The sound of the saw dulled as sunk deep into the cast, tipping against lefty’s skin underneath. The spinning blade moved slowly down the length of my outer leg. Once that was done, the saw opened up a seem down the length of the inner side.
“All done with the cutting now.” The Doctor emphasized.
Still not seeing any visible relief in his patient, he pulled at the freshly cut top section of the cast. It broke away after a couple of hearty tugs. The whole front of Lefty was now exposed to the fresh air. I could feel him beginning to twitch. The doctor pulled the remaining back section away.
The doctor prodded random areas of Lefty with his fingers.
“Can you feel that?”. He questioned.
Lefty started to shudder. I could feel him building up under me like a bull getting ready to buck his unwanted rider. The Doctor’s palm was flat against Lefty’s knee.
“Nearly done.” He said.
“Just try to..” and then he said it. The one word that was sure to set Lefty off.
Suddenly, Righty sprang up and swiveled to the left like a tower crane in high winds. He threw himself on Lefty and pushed down hard with all the force he could muster. Lefty convulsed frantically but he was no match for Righty’s strength. The Doctor let out a loud help.
His hand was sandwiched between Lefty and Righty.
“Ahh. Can I just get my hand out? Please relax.” He pleaded but that only caused Righty to tighten his grip.
Crack, (sound effect) went the muffled sound of the doctor’s little finger as it broke.
Righty eased off just enough for the Doctor to free his hand.
“I’m so sorry.” I shouted.
“It’s fine. It’s a.. It’s fine.” He said. Trying to disguise his obvious discomfort.
“I’m gonna let the nurse finish up here. I have to go.” He rushed out of the room cradling his hand.
Righty. The reliable, rule abiding Righty, had caused grievous bodily harm. Lefty never came close to anything like that. I respected Righty’s eagerness to prevent another bathroom floor incident so I was willing to let him off on this extenuating circumstance. And maybe he taught the Doctor a valuable lesson that day.

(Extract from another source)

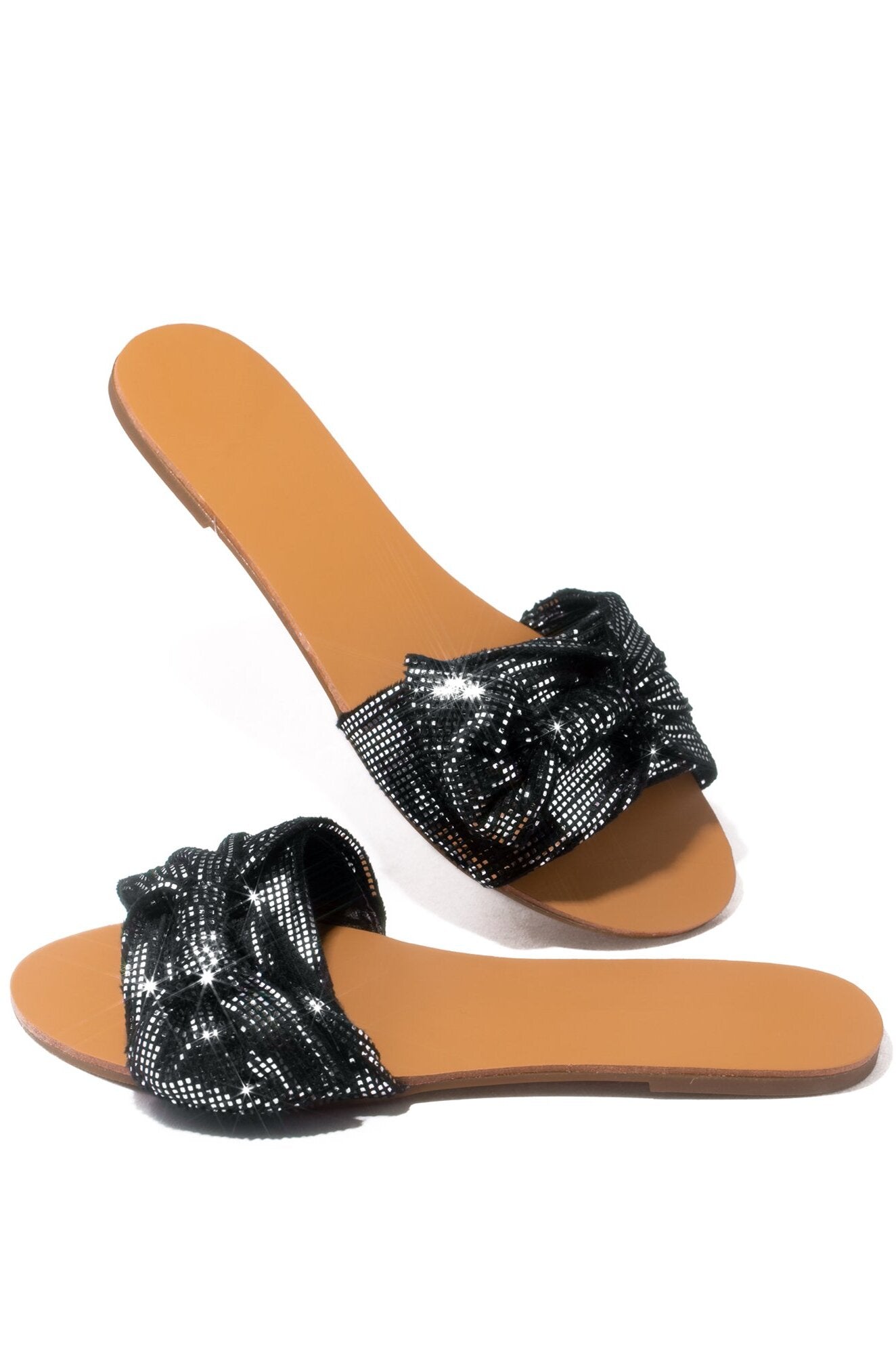 Flat Sandal open toe. The upper small grain rhinestone. Aflat rubber sole and cushioned interior. Pair with your favorite cozy sweats to complete the look.
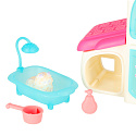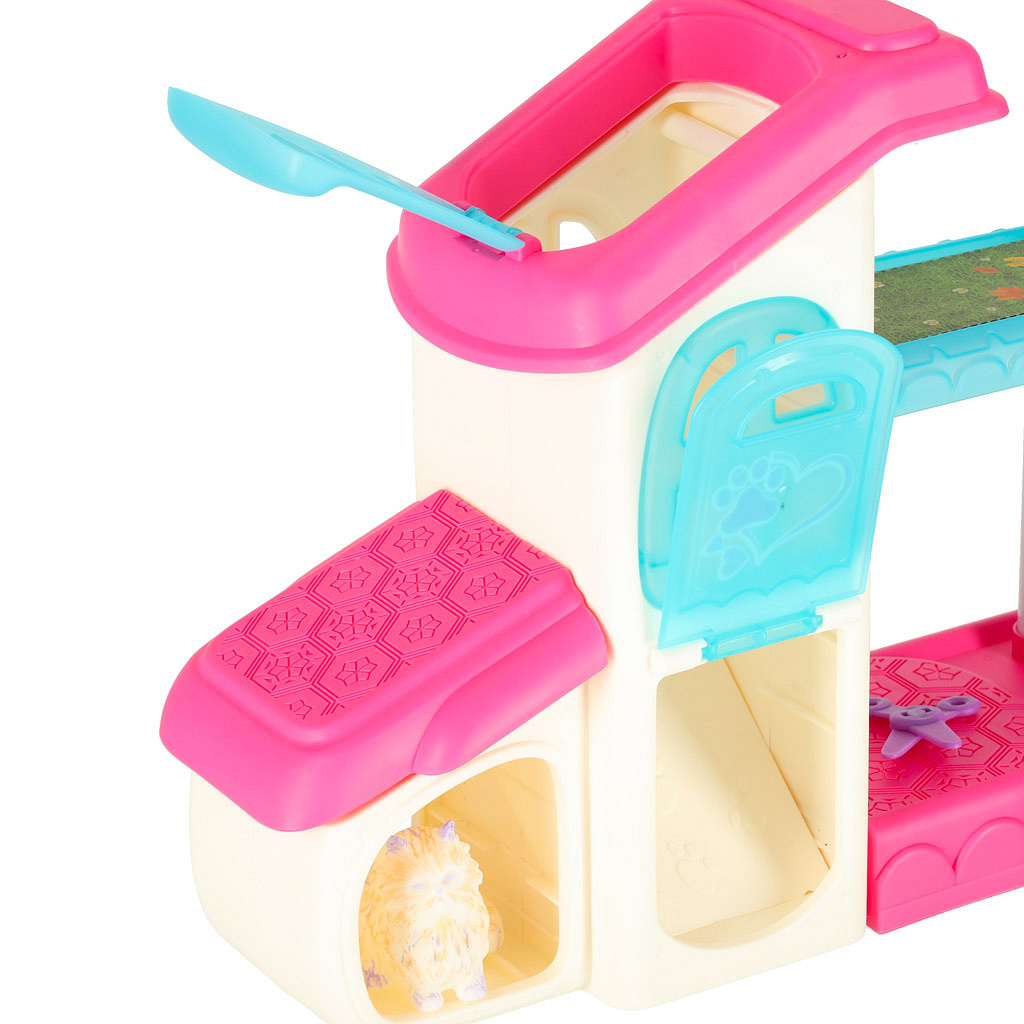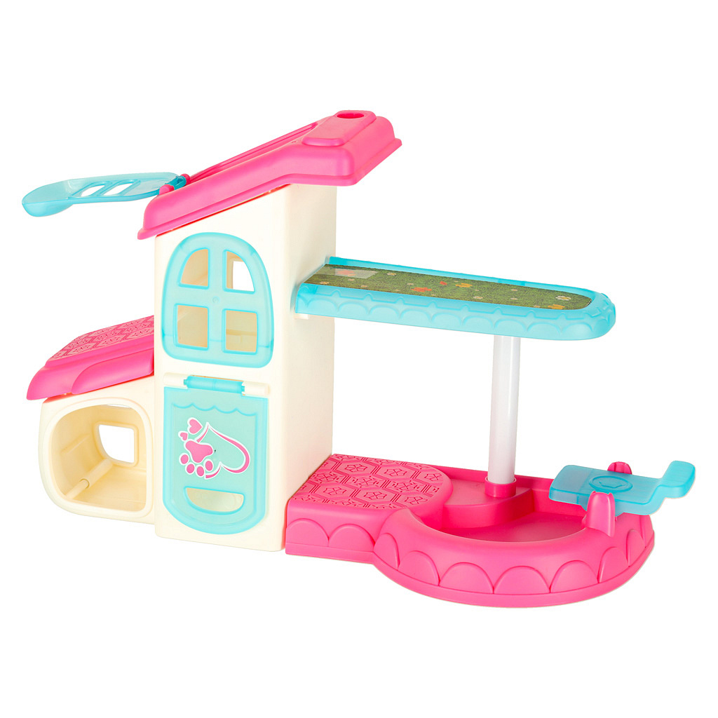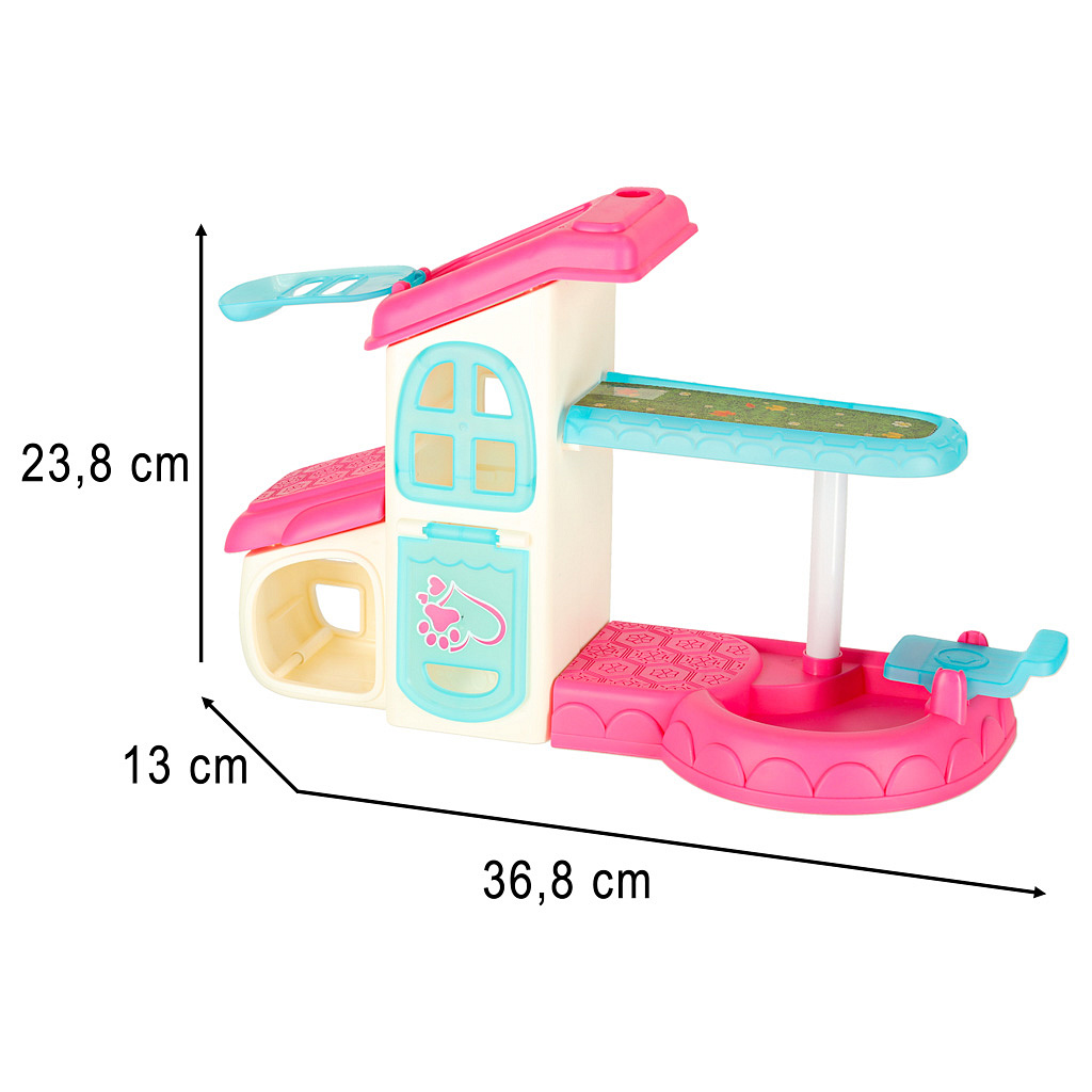 V sadě se nachází domek s otevírací přední a horní klapkou s bazénem a horní terasou. Pro ozdobení terasy je třeba trávu vyjmout přímo z krabice. Domácí mazlíčci mohou využít koupel ve vaničce, stejně jako stříhání a česání srsti. Můžete jim také připravit oblíbené pochoutky – kostku, šunku, rybu a mrkev.

As the years past Lefty mellowed… somewhat. He’s still prove to the odd outburst but for the most part Righty and I can see them coming. His turns are more like sulks than tantrums now. Sometimes he’ll refuse to move, the same way a dog who doesn’t want to be walked will stop dead in the street. We have to just pull him along until he begrudgingly complies. That’s how he is and he’s not going anywhere so we all just have to take it, one step at a time.